あれから数十分ほどの移動を終えた私たちは、大通り沿いにある大型商業施設の前へ到達した。

周辺を巡回しているオートマタを警戒しつつ商業施設外にあるテラスを進んでいると、従業員用の入り口に辿り着く。

 

「……よし。ここから内部に侵入する」

「中は暗いだろうから、はぐれないように気を付けてくれ」

 

ドアノブを破壊しつつそう伝えると、サオリがふと尋ねた。

 

「……地下浄水場と言っていたが、ここから入れるのか?」

 

「ああ。地下駐車場から下水道を伝って行く。地上から直接向かって位置を露見させる訳にも行かないからな」

 

そう言いつつ、捻り取ったドアノブをそっと地面に置いて、私達は施設内へと足を踏み入れた。

その内部には想像通りの闇が広がっており、吹き抜けに差し込む薄い月明かりと、非常灯の蛍光のみが空間の輪郭を告げている。

 

「……うわ、真っ暗……はぁ」

 

暗闇を前に、嫌そうに溜息を吐き出したミサキは、列の中心へ隠れるように位置を変える。

そんなミサキを安心させるように、アツコが優しくその背を叩いた。

 

「みんないるから大丈夫。いこ?」

 

「……わかってる。大丈夫だから」

 

そんな会話をしているアリウスの面々がはぐれないよう気を配りつつ、私は周囲の警戒を続ける。

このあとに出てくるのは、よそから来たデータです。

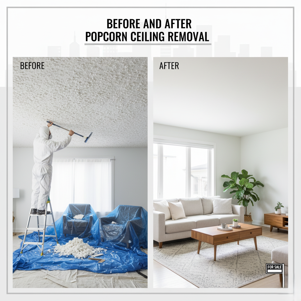 Even if you’re not doing a full remodel, popcorn ceiling removal is one of the most cost-effective ways to modernize your home before listing.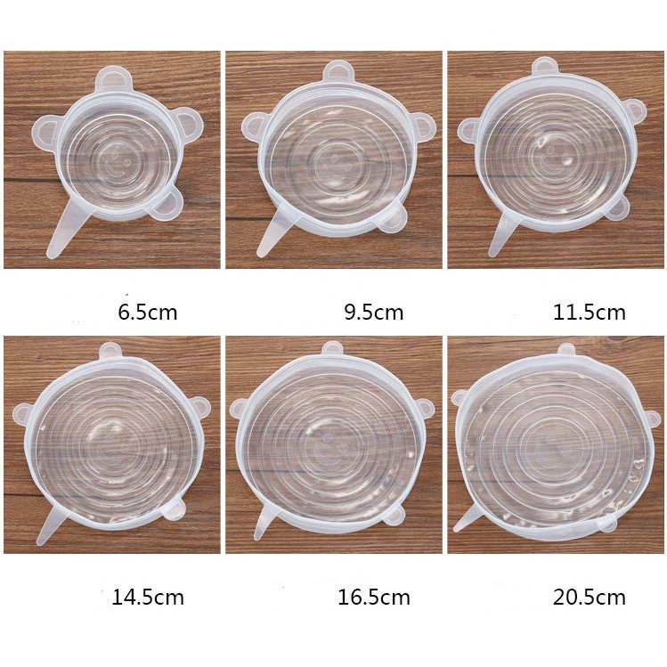 Combo 6 nắp silicone đậy thức ăn thực phẩm tránh bụi, ruồi muỗi kiến gián, tránh mùi hôi khi bỏ vào tủ lạnh

妙に静かな建物内には、なにかが侵入した痕跡すら見当たらない。

“荒らされていない”という事実が、逆に不気味に思える程だ。

 

私一人なら気にせず走り抜けていいような状況だったが、現状、暗視装置持ちは私だけ。

人数が増えた今、暗闇の中で隊列を維持するのは容易ではない。

神経を尖らせつつ、ネオングリーンに照らされた視界を頼りに歩みを進める中……壁に大きく"施設案内図"と掲げられたパネルが、私の気を引いた。

 

(……ガンショップか)

 

「どうした?」

 

足を止めた私を訝しむように、サオリが私の視線の先へ目を向ける。

 

「よく見えないが……建物の案内図か」

「気になる物でもあったか?」

 

「……ああ。このフロアにガンショップがあるようだ」

「寄り道にはなるが、暗視機能付きの照準器があるかもしれん。それを拝借し、暗視装置代わりにするのも悪くないかと思ってな」

 

そう言いつつ、シャッターの降りた店々の続く道を見遣る。

廊下の突き当りを右に行けばすぐそこ。調達に行ったとして、時間もそう掛からないだろう。

 

「……迷っている時間も惜しい、行こう」

 

そう伝えて、私達は歩き始めた。

 

 


 

 

同時刻:アビドス砂漠/指揮所

side:ナギサ

 

 

「オーライ!オーライ!!」

 

誘導灯と掛け声に導かれ、キュラキュラと砂を踏みながらクレーン車が進入する。

砂漠に確保された巨大な駐車スペースには、既に二十を超える特殊車両が集結していた。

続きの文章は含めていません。